**ASSIGNED TASK:**
Please return the listing exactly as written, but without its pictures.

**PROVIDED MATERIAL:**
::::

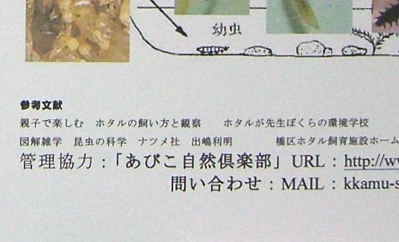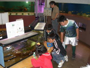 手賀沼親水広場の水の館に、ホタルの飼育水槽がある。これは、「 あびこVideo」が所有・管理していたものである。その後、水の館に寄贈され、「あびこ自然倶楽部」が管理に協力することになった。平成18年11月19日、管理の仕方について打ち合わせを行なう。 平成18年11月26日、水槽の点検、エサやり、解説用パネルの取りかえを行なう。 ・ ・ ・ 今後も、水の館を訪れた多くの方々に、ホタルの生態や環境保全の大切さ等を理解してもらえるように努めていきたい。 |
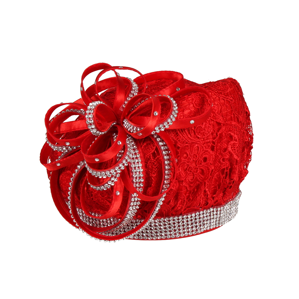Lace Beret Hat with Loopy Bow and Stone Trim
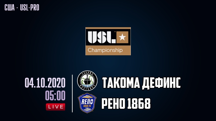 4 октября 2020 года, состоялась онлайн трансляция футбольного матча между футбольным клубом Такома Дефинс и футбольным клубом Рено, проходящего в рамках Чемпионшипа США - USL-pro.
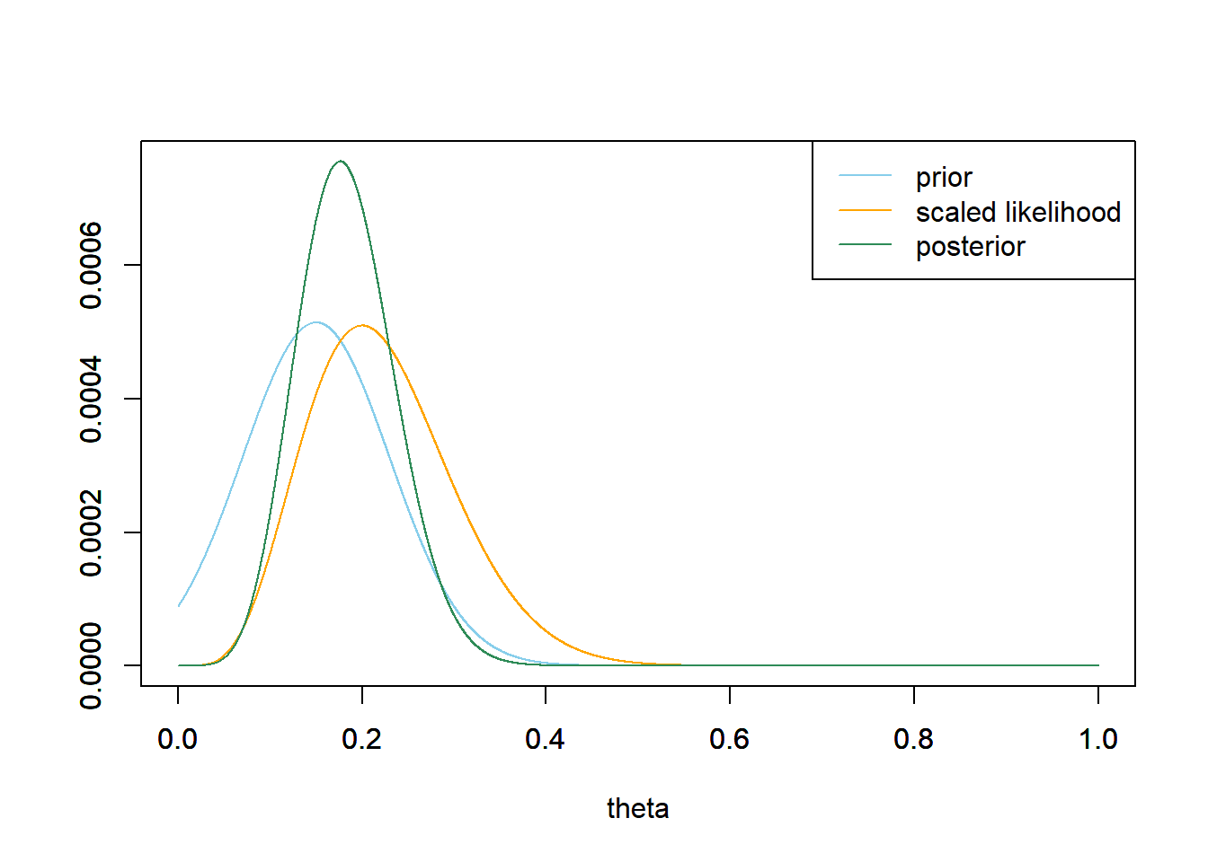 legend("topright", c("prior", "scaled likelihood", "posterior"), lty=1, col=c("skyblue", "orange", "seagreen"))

::::

**ANSWER AREA:**
 手賀沼親水広場の水の館に、ホタルの飼育水槽がある。これは、「 あびこVideo」が所有・管理していたものである。その後、水の館に寄贈され、「あびこ自然倶楽部」が管理に協力することになった。平成18年11月19日、管理の仕方について打ち合わせを行なう。 平成18年11月26日、水槽の点検、エサやり、解説用パネルの取りかえを行なう。 ・ ・ ・ 今後も、水の館を訪れた多くの方々に、ホタルの生態や環境保全の大切さ等を理解してもらえるように努めていきたい。 |
Lace Beret Hat with Loopy Bow and Stone Trim
 4 октября 2020 года, состоялась онлайн трансляция футбольного матча между футбольным клубом Такома Дефинс и футбольным клубом Рено, проходящего в рамках Чемпионшипа США - USL-pro.
 legend("topright", c("prior", "scaled likelihood", "posterior"), lty=1, col=c("skyblue", "orange", "seagreen"))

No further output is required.